What currently feasible – they could be done this week – Administration policies would be consistent with making national political reconciliation a priority? Here are three.

1. The Obama Administration could signal its willingness to agree to a timetable for the withdrawal of all foreign forces from Afghanistan – similar to the agreement we now have with Iraq – as part of a peace deal.

There are many ways to signal. It doesn't have to be a formal announcement. A "senior Administration official" could tell a reporter that the Obama Administration is considering this. The British could say it, and the Obama Administration could ostentatiously say nothing. A senior Democratic Senator perceived to be close to the Administration on foreign policy could say it, and the Obama Administration could ostentatiously say nothing.

Obviously, a key objective of the insurgency is to drive foreign forces out of the country. By sending this signal, the Obama Administration would be saying, "You want us out? Fine. Negotiate with us, and we will leave faster."

Note that "the US should establish a timetable for military withdrawal" is already the position of the majority of Americans and 60% of the House Democratic Caucus. So by signaling its willingness to establish a timetable for full military withdrawal as part of a peace deal, the Obama Administration would simply be suggesting its willingness to agree as part of a negotiation to do that which a majority of Americans already want the U.S. to do even if there is no negotiation.

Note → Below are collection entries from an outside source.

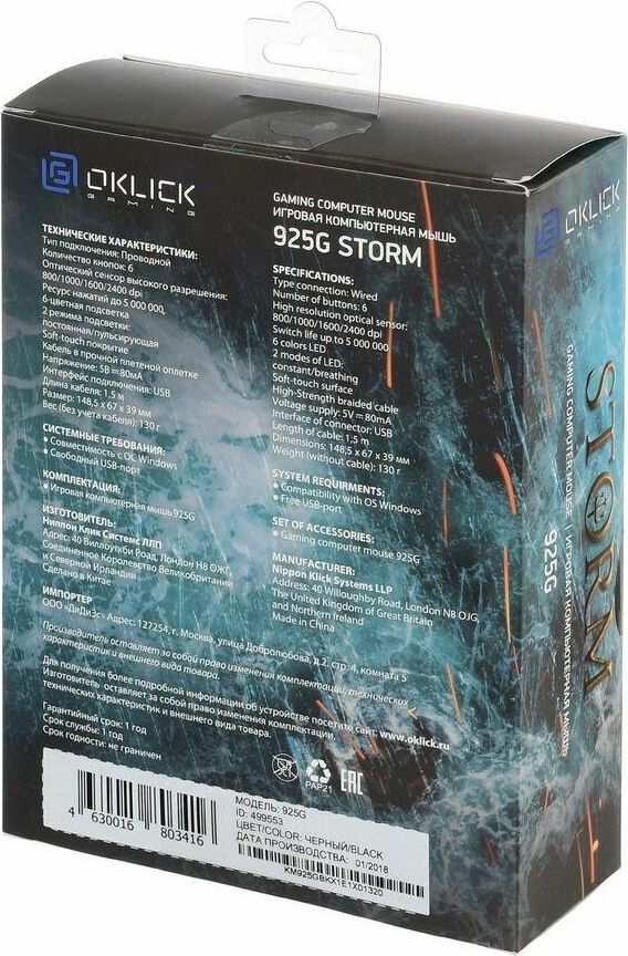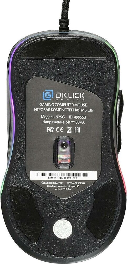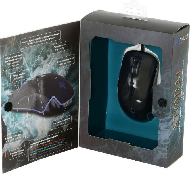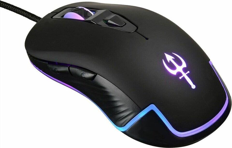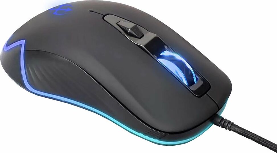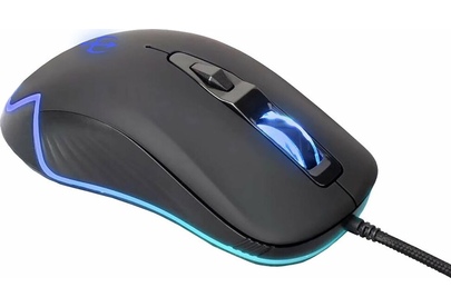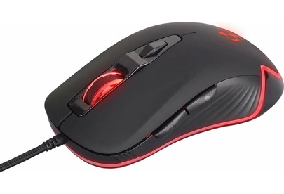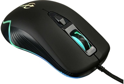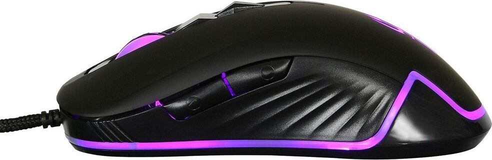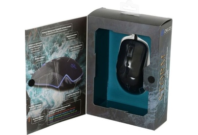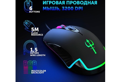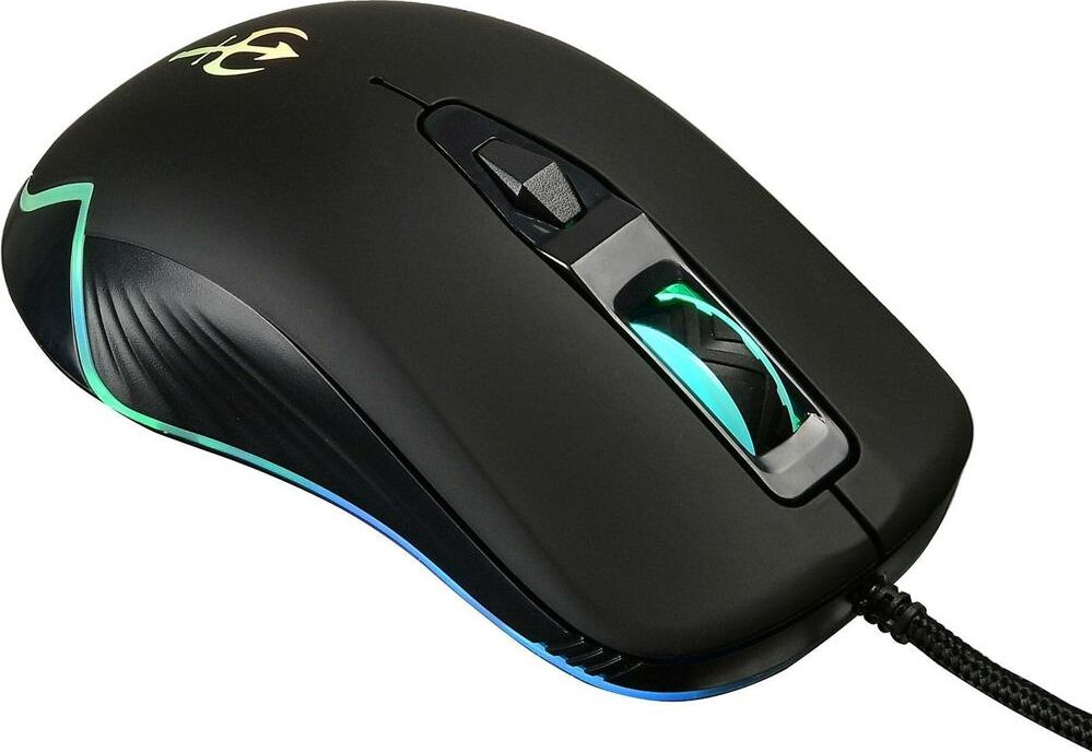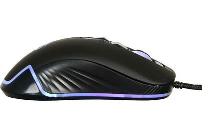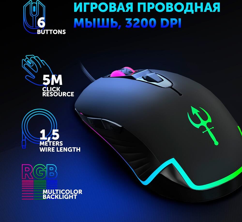 Мышь игровая, проводная, оптическая, интерфейс USB, количество кнопок - 6, колесо проктуртки, изменяемое разрешение - 800/1000/1600/2400 dpi, покрытие soft-touch, яркая подсветка корпуса, длина кабеля - 1,5м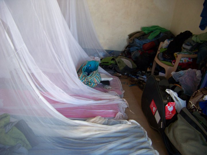 (Above: The very hot one room sleeping quarters. The girls did a fabulous job creatively hanging mosquito nets before I arrived)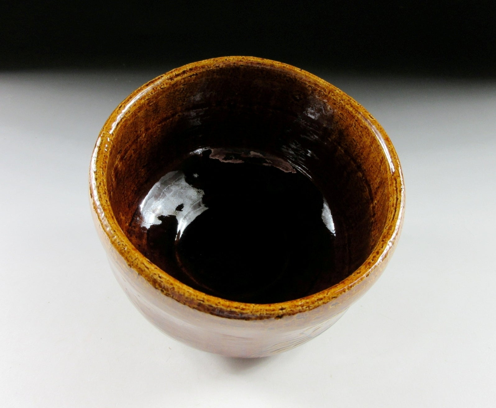 Ohi-ware refers to pottery made in Ohi town in Kanazawa Prefecture. It is made of soft clay and fired at low temperatures, and features what is known as an ame-yu glaze. Ohi-ware’s ame-yu glaze is amber or caramel coloured glaze with a glossy finish. Ohi-ware is generally shaped by hand and fired in a way not so different from Raku-ware. The temperature is increased sharply over a short period of time, and the piece is removed from the kiln whilst the glaze is still melting. This causes the piece to cool down rapidly, thus creating the beautiful rich colour and lustre.

2. The Obama Administration could signal that it is willing to end "night raids" in Afghanistan if serious negotiations commence. Night raids – which indiscriminately kill civilians and violate the sanctity of the Afghan home – are arguably the policy of the U.S. military occupation most hated by Afghan public opinion and the Afghan government, which has long called for them to end, so offering to end them would be a powerful incentive to promote talks.

3. The Obama Administration could signal that it is willing to "downsize and eventually end military operations in southern Afghanistan" – as called for by the Afghanistan Study Group – to promote negotiations.

Naiman's certainly correct that such proposals would put pressure on the Taliban leadership's rhetoric that they see no need to negotiate while they're winning.

Negotiations surface issues: you have to say what you want, and what you are willing to accept. Right now, no-one, not even a U.S. government official, can clearly articulate what the U.S. really wants in Afghanistan, and what the U.S. is willing to accept. What exactly the Taliban want, or are willing to accept, besides driving out foreign forces, has also been the subject of fierce debate.

The Taliban would be forced to respond somehow or be subject to internal pressures towards factionalization – we already know some Taliban leaders are more amenable to dealmaking than others, because Pakistan's ISI arrested Baradur to stop him making a deal without them - and external pressures from supporters among the populace who are simply tired of all war all the time. As Naiman writes "when true positions begin to be revealed, they become the subject of political debate and political pressure".

I wrote a long time ago that, eventually, you have to talk to terrorists if you want to end the terror war. But first, someone has to be willing to actually start the conversation. That seems to me likely to be more successful in bringing the Taliban to the table for serious purposes than any number of whack-a-mole offensives.